This afternoon I watched basketball. It was not the NBA playoffs. Teams from the "Church Under the Bridge" and our own church played in our Community Center. The afternoon was spent watching high school kids as well as some of our adults play basketball (with referees and awards at the end). It was a great afternoon and was fun to see groups from these two churches play and get acquainted with one another. God has a way of working through playing basketball together, eating hot dogs together, and having conversations with people like the guys I talked with this afternoon.
In order to see the potential of ordinary moments, I have found that I must regularly focus my attention on God. Practicing some of the spiritual disciplines helps me do just that. These disciplines have a way of cultivating the soul. Like a garden, my soul must be cultivated.
I like John Wesley’s insights at this point. He once wrote about his own discipline before the Lord. He wrote: "Here then I am, far from the busy ways of men. I sit down alone; only God is here, in his presence I open, I read his book; for this end, to find the way to heaven." Wesley saw the value of spending time alone with God, living in his presence, and listening to his voice in Scripture.

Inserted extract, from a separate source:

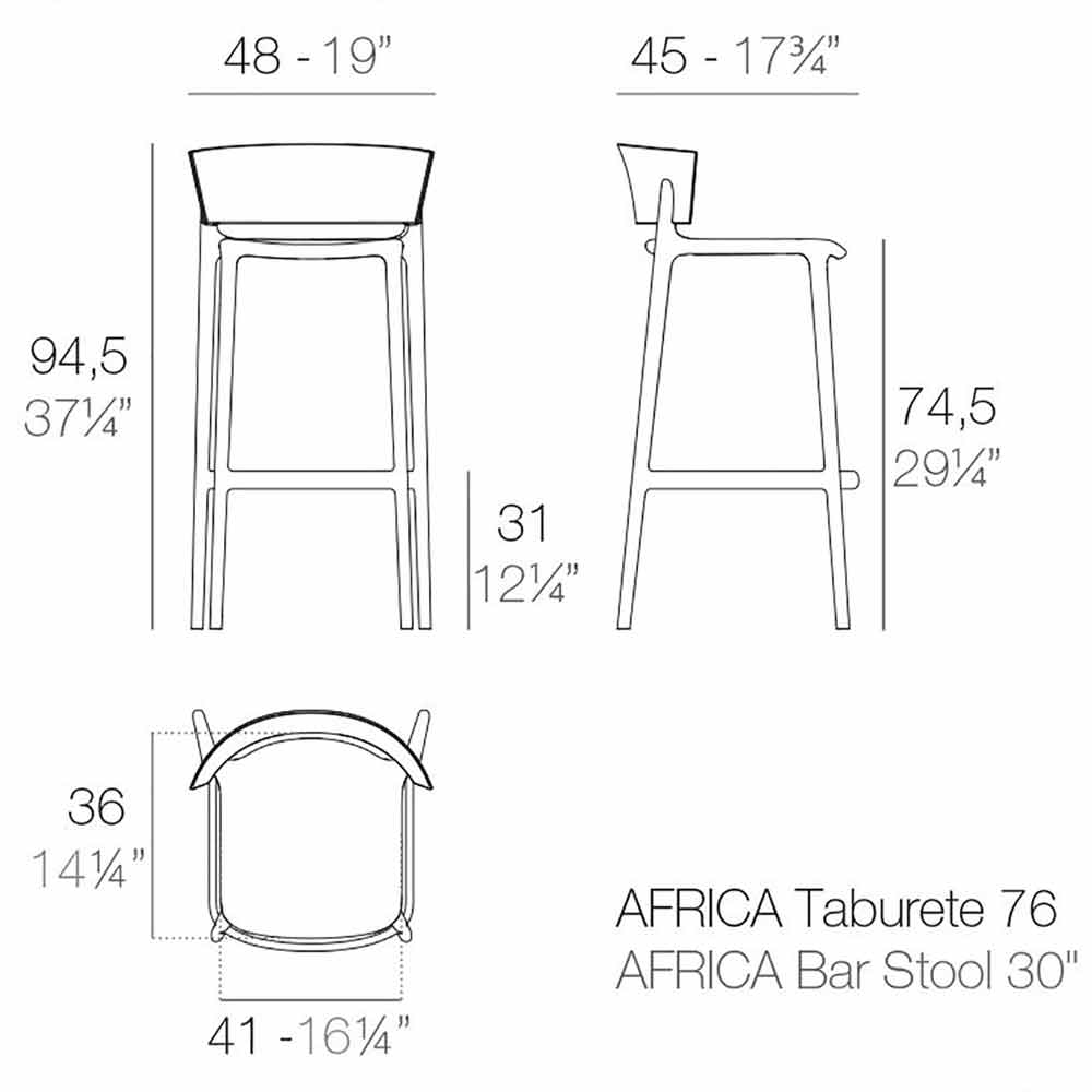 Venkovní stolička Africa určená pro venkovní i vnitřní prostory. Použitým materiálem je polypropylen vstřikovaný vzduchem a skleněnými vlákny.

Wesley once received a note from a minister who was complaining that he was too busy to find time for prayer and reflection. Wesley replied, "O begin! Fix some time each day for prayer and Scripture. Do it; whether you like it or not. It is for your life! Else you will be a triter all your days." (Wesley, Standard Sermons)

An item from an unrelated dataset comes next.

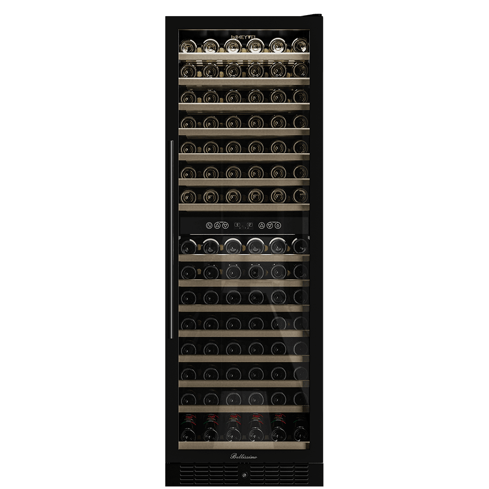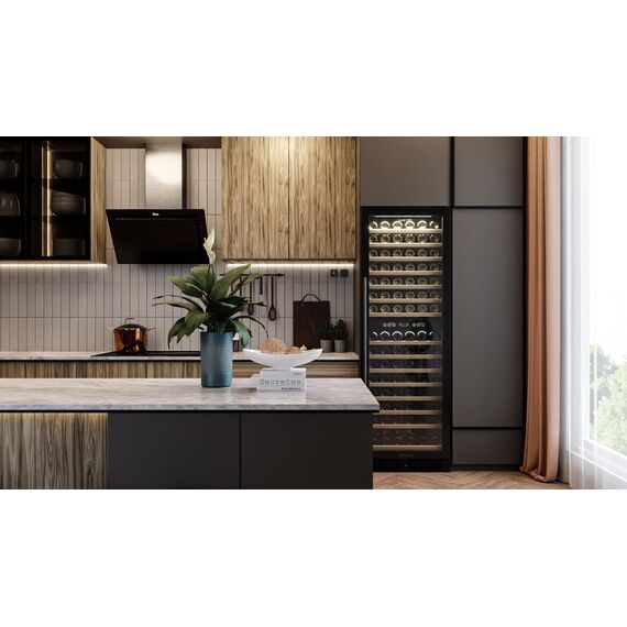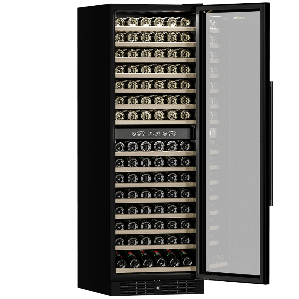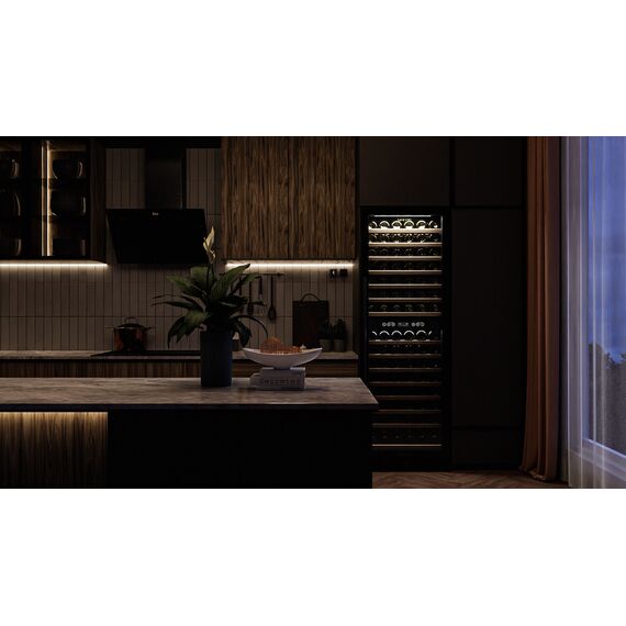 Компрессорный винный шкаф Meyvel MV160-KBT2 обладает большой вместимостью и способен разместить до 174 бутылок. Располагаются они на полках из массива бука. Внутреннее пространство шкафа разделено на 2 температурные зоны с возможностью настраивать каждую из них: диапазон нижней зоны от +10°C до +18°C, а верхней - от + 5°C до +10°C. Холодильник поддерживает влажность в диапазоне 60-80%, как в настоящем винном погребе.

Wesley is right. Nurturing my heart is not a luxury. It is a necessity. Otherwise, I will not see life through the eyes of Jesus. Nor will I be attentive to what he is doing or wishes to do through me.
Brother Lawrence (17th century) spoke of "the practice of the presence of God." While cooking and washing dishes in a kitchen for forty years, he learned that he could "talk to the God of pots and pans." In his book Seekers After Mature Faith, Glenn Hinson writes concerning Brother Lawrence:
"The longer I have studied his conversations and letters, the more convinced I have become that his secret was simply to fall head over heels in love with God and let that transfuse and transform everything he was doing."
I will be away from my blog until the weekend. See you then.